Let us make no mistake about the fact that detailed discussions took place on these matters, although the medical profession now refuses to call them negotiations. The profession is terrified of commiting itself to anything. If they were not negotiations, all I can say is that they certainly resulted in an agreement containing proposals that were argued line by line and word by word.

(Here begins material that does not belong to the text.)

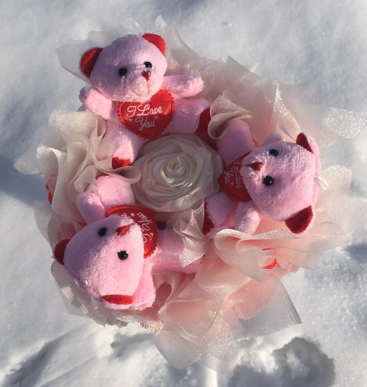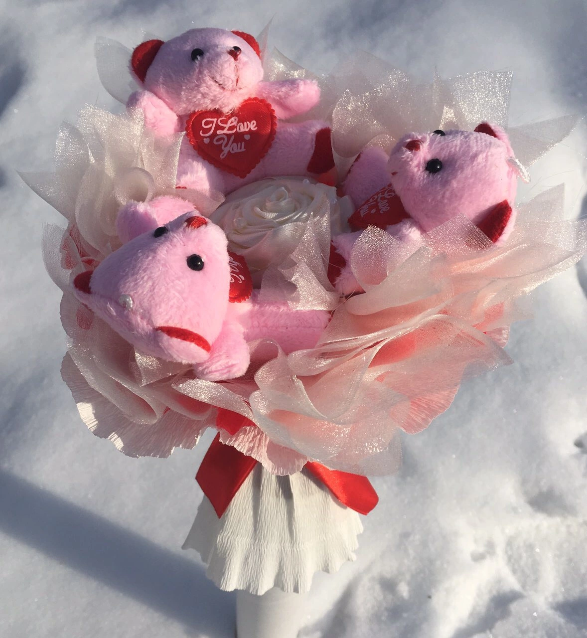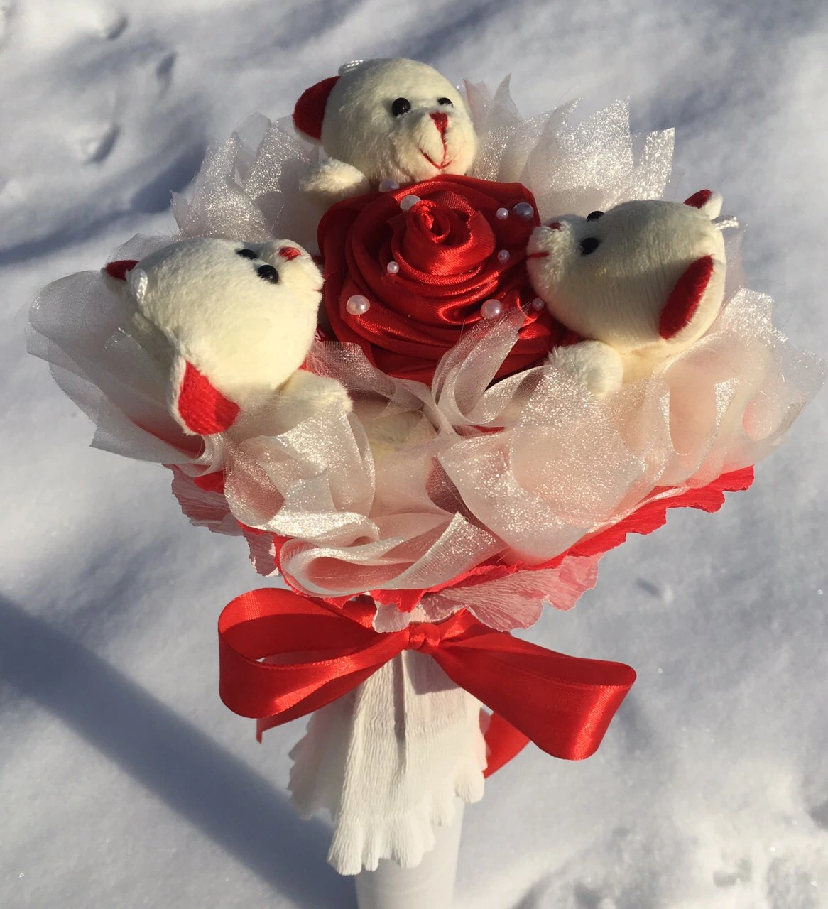 Букет с 3 плюшевыми мишками. Мишка 7 см. В процесе изготовления

It is important for the debate that lies ahead for us to understand the nature of that compromise. It was set out in my statement to the House on 15th December. Incidentally, every word of my statement had been seen and approved by Dr. Derek Stevenson of the BMA as a fair interpretation on the outcome of these arms-length talks. I said in my statement: It is proposed that the legislation would embody two principles: first that private beds and facilities should be separated from the NHS"— a crucial part of the package compromise. Secondly, I expressed the Government's commitment to the maintenance of private practice in this country through the renewal of the provision in the National Health Service (Amendment) Act 1949, which maintains the right to private practice by entitling doctors to work both privately and in NHS establishments.' —[Official Report, 15th Dec., 1975; Vol. 902, c. 972.] Both those principles are embodied in this package and are crucial to it.

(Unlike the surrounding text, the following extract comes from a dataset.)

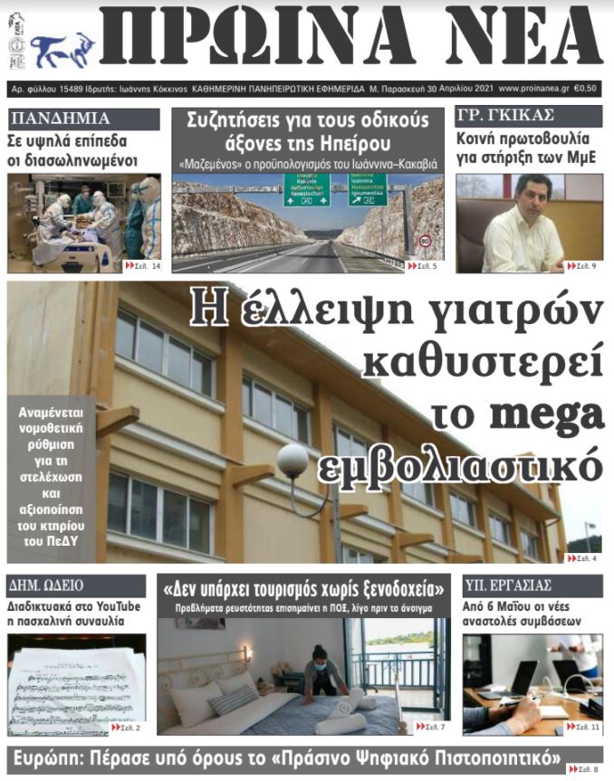Διαβάστε στα πρωτοσέλιδα των γιαννιώτικων εφημερίδων της Μ. Παρασκευής 30 Απριλίου

I wish to draw attention to a letter from my right hon. Friend the then Prime Minister which was sent to the profession on the same day as I made the statement. The former Prime Minister referred to the fact that discussions had been going on and said that he understood that detailed proposals had "evolved" and were to be placed before the profession and its committees and councils for urgent consideration. The Prime Minister wrote as follows: I am writing to inform you that if the proposals are accepted by the professions as a whole and normal working is resumed, the Government would embody the proposals in the legislation. He went on: I fully appreciate that your willingness to submit these proposals does not mean that you and your colleagues have in any way withdrawn your opposition to the passing out of private practice and that you will reserve your right to try to influence Parliament's decision on the principle of phasing out I stress the word "principle". One important thing to remember is that it was always accepted that the profession should have the right to try to stop the Second Reading of the Bill. Put the profession also accepted the following which is in paragraph 3 of the Goodman proposals: Despite their continuing opposition the medical and dental professions acknowledge that the phasing out of pay beds in NHS hospitals may, through legislation, become the will of Parliament. In that event the phasing out should be subject to the safe-guards outlined below. That is a very clear deal which has been struck, and the Prime Minister acknowledged the profession's right to try to defeat the Bill, but if any Bill goes forward, the deal is that it is to be a Bill along these lines. Of course, I accept absolutely that it is for Parliament to decide the contents of any legislation, and the right hon. Member for Wanstead and Woodford was right to make that point.

However, as far as the Government are concerned, what the Government are committed to and what they are obliged to ask their supporters to vote for is this compromise package and nothing else. If it is weakened, and if attempts are now made to say" We have to look now at the schedule because 1,000 beds is too many and we must cut them to 750"—I have even read that—I would point out that the commitment to phase out 1,000 beds within the schedule within six months is in the proposals the acceptance of which by the profession led to the Government embodying them in the legislation. If we are told that the profession is now going back on that then, by heavens, there are some things that some of the rest of us would want to go back on. I say to my comrades and to the House that what the Government of which I was a member tried to do was to bring peace to the NHS by striking a balance between their commitment to separate private practice from NHS hospitals and the fears of the medical profession that this would be a step towards the total abolition of private medicine, which was never our policy.